→ **Directions**: From the line containing "又是大块牛肉的一餐。三成熟澳洲t骨扒。" to the last line of the data, both included, transcribe each line exactly, leaving out pictures and adding nothing.

→ **Given data**:
------------------------------------------------------------
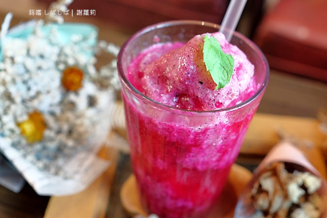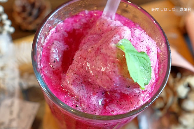 用冰沙的口感呈現,以火龍果、蘋果為基底,另外再加了玫瑰蘋果醋,甜度比想像中低一些,很適合不愛喝太甜的朋友,我就是著迷於它帶來的沁涼、卻又不過份甜膩,也許是那火龍果帶來的色澤吧!總感覺這杯飲料看起來好熱情:)
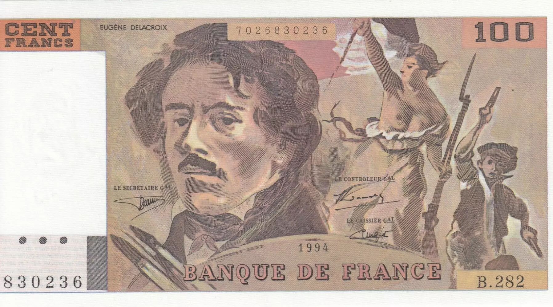 Accueil > Archivage > archivage-Billets Français > France 100 Francs - Delacroix - 1994 - Série B.282
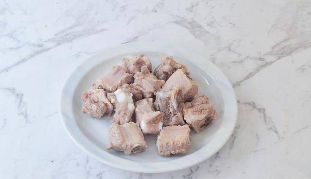 制作過程:1、排骨斬成小塊,冷水下鍋,加入薑片和料酒,焯水後沖洗幹凈備用
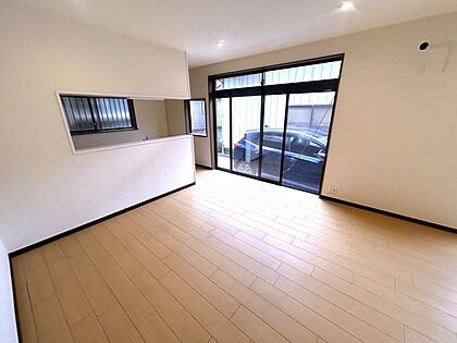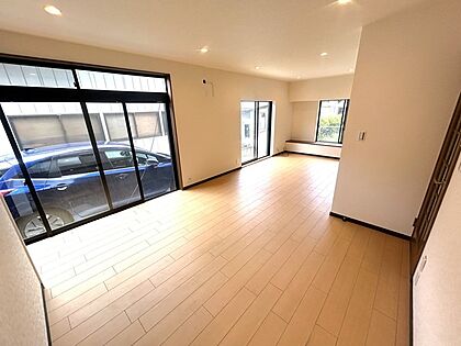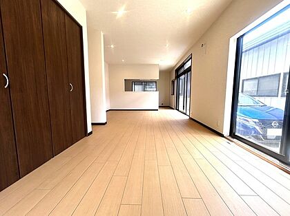 大画面TVの配置も可能なワイドリビングは約19帖。
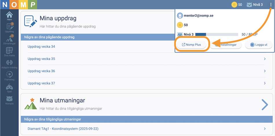 För att gå tillbaka till Nomp Plus klickar du på de tre prickarna i övre högra hörnet och sedan knappen "Nomp Plus".
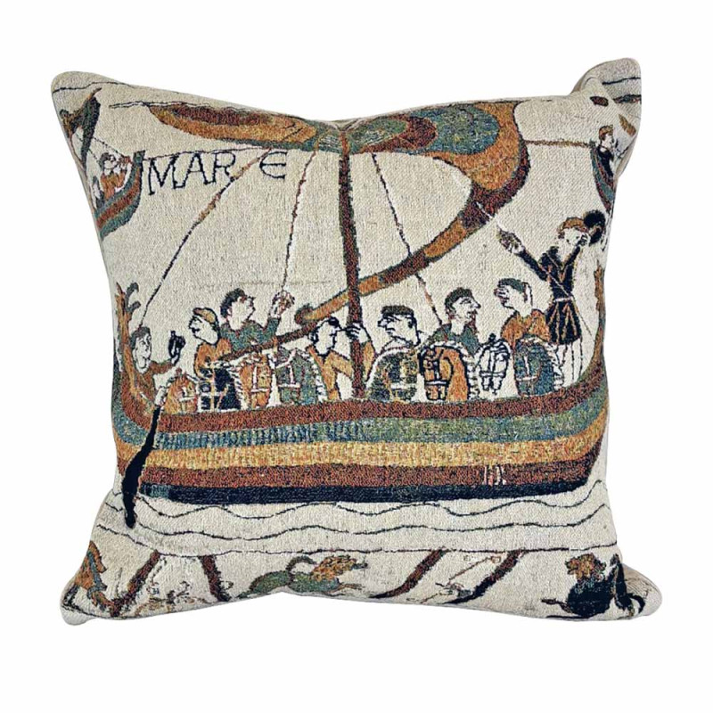 This woven cushion cover depicts the scene where William the Conqueror crosses the sea on a large ship, from the Bayeux Tapestry (11th century).
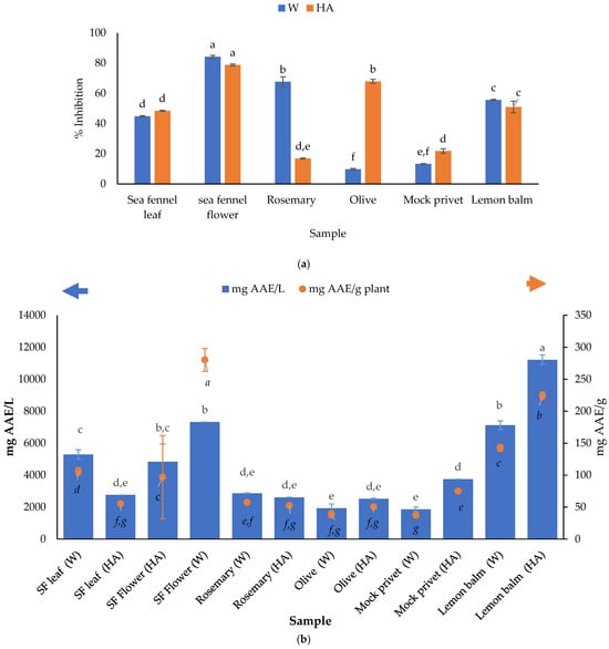 Antioxidant activity of water (W) and hydroalcoholic (HA) extracts determined using (a) DPPH method; (b) FRAP method. SF—sea fennel. a–g Different letters denote significant differences (p > 0.05) between values obtained for different plant materials. Results are given as mean ± standard deviation, and statistical analysis were performed separately for each series—one for mg AAE/L (given above) and one for mg AAE/g plant (given below).
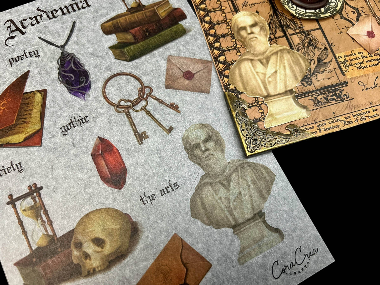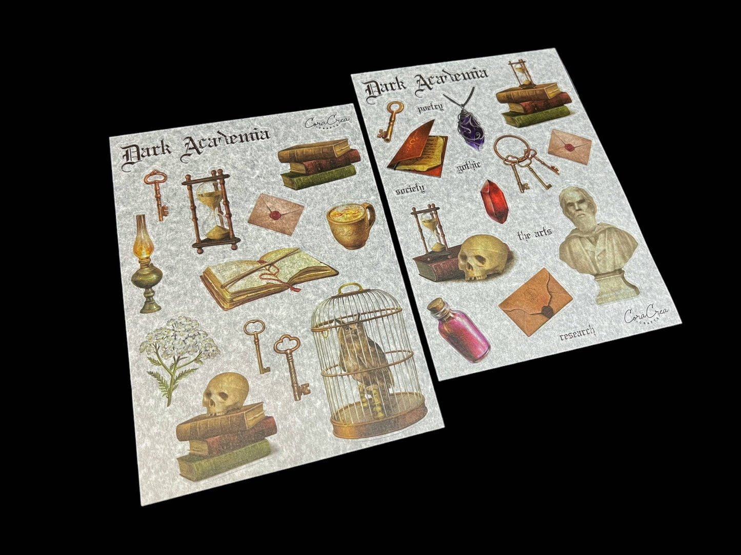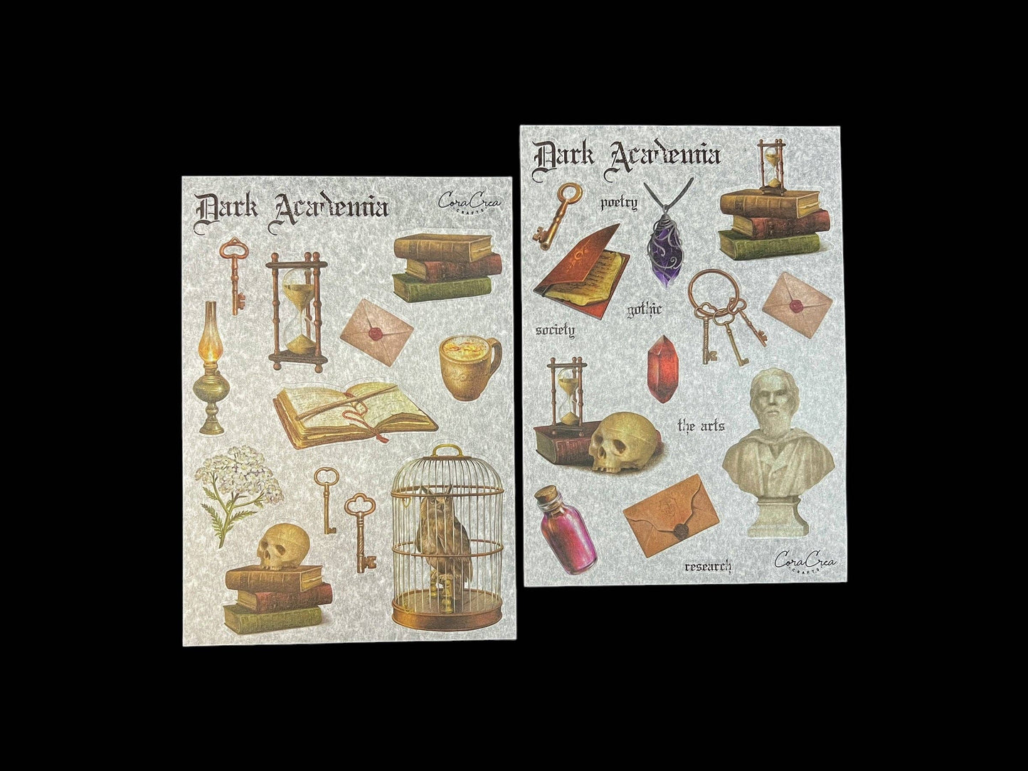 This new set of 2 sticker sheets will make you live the dark halls of academia. This is an exclusive design by CoraCreaCrafts.These high quality stickers are printed on washi paper.Measurements: each sticker sheet is an A5 sizeThese stickers are great for crafts, bullet journaling decoration, scrapbooking, collage, junk journaling or as a small gift.Check out our entire stickers selection here
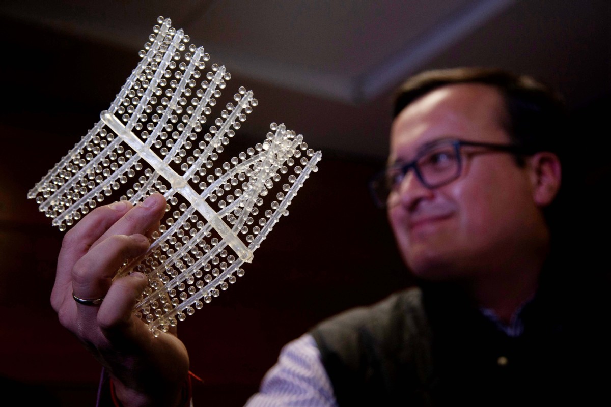Engineer Christian Olivares shows a sheet of PVA, which could help prevent ecological damage in the world's oceans. CLAUDIO REYES/FOR CHINA DAILY
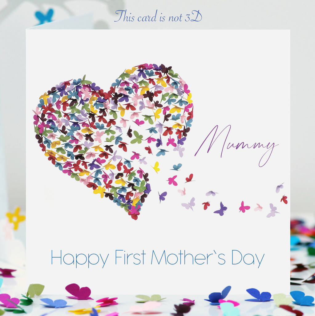 A first Mother's Day butterfly heart card. Each butterfly represents love and they fly into the heart to fill it and then flutter back out again to carry their love to others. This message is on the back of the card
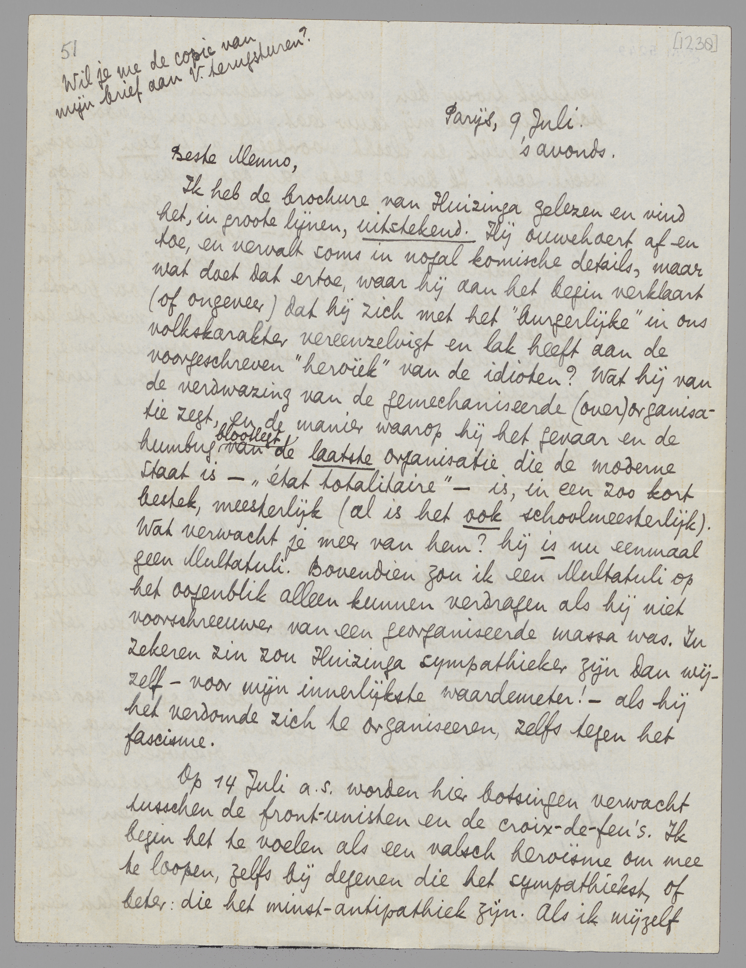 Op 14 Juli a.s. worden hier botsingen verwacht tusschen de front-unisten en de croix-de-feu's. Ik begin het te voelen als een valsch heroïsme om mee te loopen, zelfs bij degenen die het sympathiekst, of beter: die het minst-antipathiek zijn. Als ik mijzelf werkelijk trouw ben, moet ik erkennen dat de heele boel stinkt, en mij lauw laat. Malraux is voor mij een gevaarlijk en slecht voorbeeld, al is zijn ‘heroisme’ wschl. echt. Ik ben er zeker van dat ik, als het erop aankomt, nog wel ‘heroïsch’ genoeg zal zijn om te crêpeeren - vlug of langzaam - voor wat mij werkelijk sympathiek is, maar die tegenwoordige ziekte om alles wat zich organiseert te justifieeren door groote historische stroomingen en beschavingen (methode en manie van Malraux) als christendom, communisme, bolsjewistische idee, enz., maken mij au fond tureluursch.
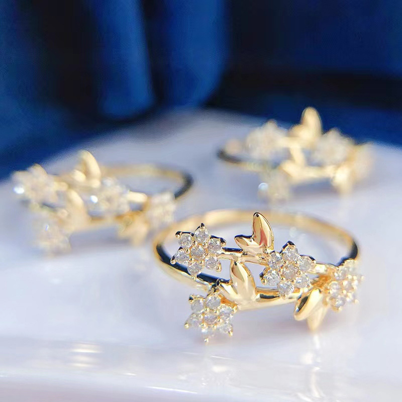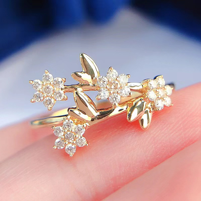 New best-selling super flash ring tree branch bud four-claw inlaid ring light luxury wedding ring for girlfriend
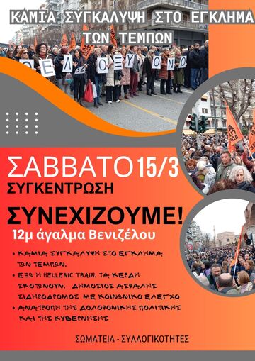 Συγκέντρωση σωματείων και φορέων για το έγκλημα των Τεμπών
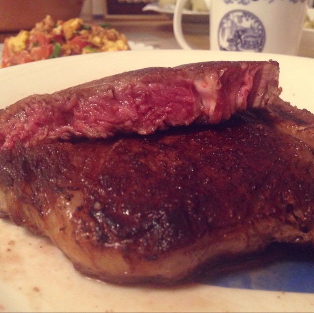 又是大块牛肉的一餐。三成熟澳洲t骨扒。
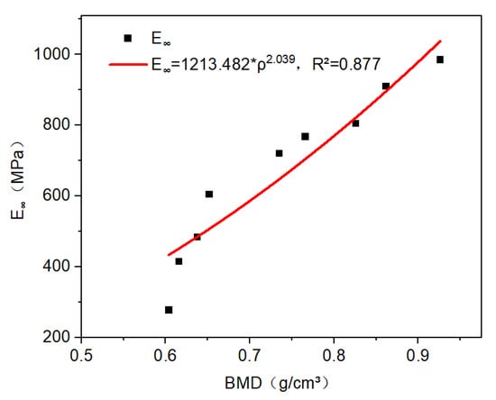 For CBAB, its viscoelastic modulus was greatly affected by BMD. The equilibrium modulus () for all CBAB ranged from 260 to 985, which varied with BMD (). It can be described by an exponential function, such as (r2 = 0.877). With the increase in BMD, the equilibrium modulus increased, as shown in Figure 7. This relationship was consistent with the modulus–BMD relationship of bone previously reported in the literature [23].
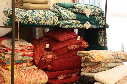 Christine of Lavender & Limes spent a day in NYC and posted these gorgeous photos! (Many more photos on her blog.) I love the sparkling of the silver, the glittering of the chandelier, and the bright colors of the quilts!
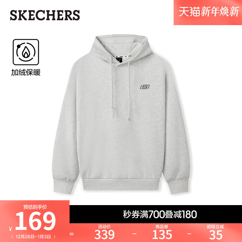 斯凯奇2026新年战袍男女红色连帽卫衣百搭情侣加绒纯棉冬灰色上衣
------------------------------------------------------------
→ **Output for this task**:
 又是大块牛肉的一餐。三成熟澳洲t骨扒。
 For CBAB, its viscoelastic modulus was greatly affected by BMD. The equilibrium modulus () for all CBAB ranged from 260 to 985, which varied with BMD (). It can be described by an exponential function, such as (r2 = 0.877). With the increase in BMD, the equilibrium modulus increased, as shown in Figure 7. This relationship was consistent with the modulus–BMD relationship of bone previously reported in the literature [23].
 Christine of Lavender & Limes spent a day in NYC and posted these gorgeous photos! (Many more photos on her blog.) I love the sparkling of the silver, the glittering of the chandelier, and the bright colors of the quilts!
 斯凯奇2026新年战袍男女红色连帽卫衣百搭情侣加绒纯棉冬灰色上衣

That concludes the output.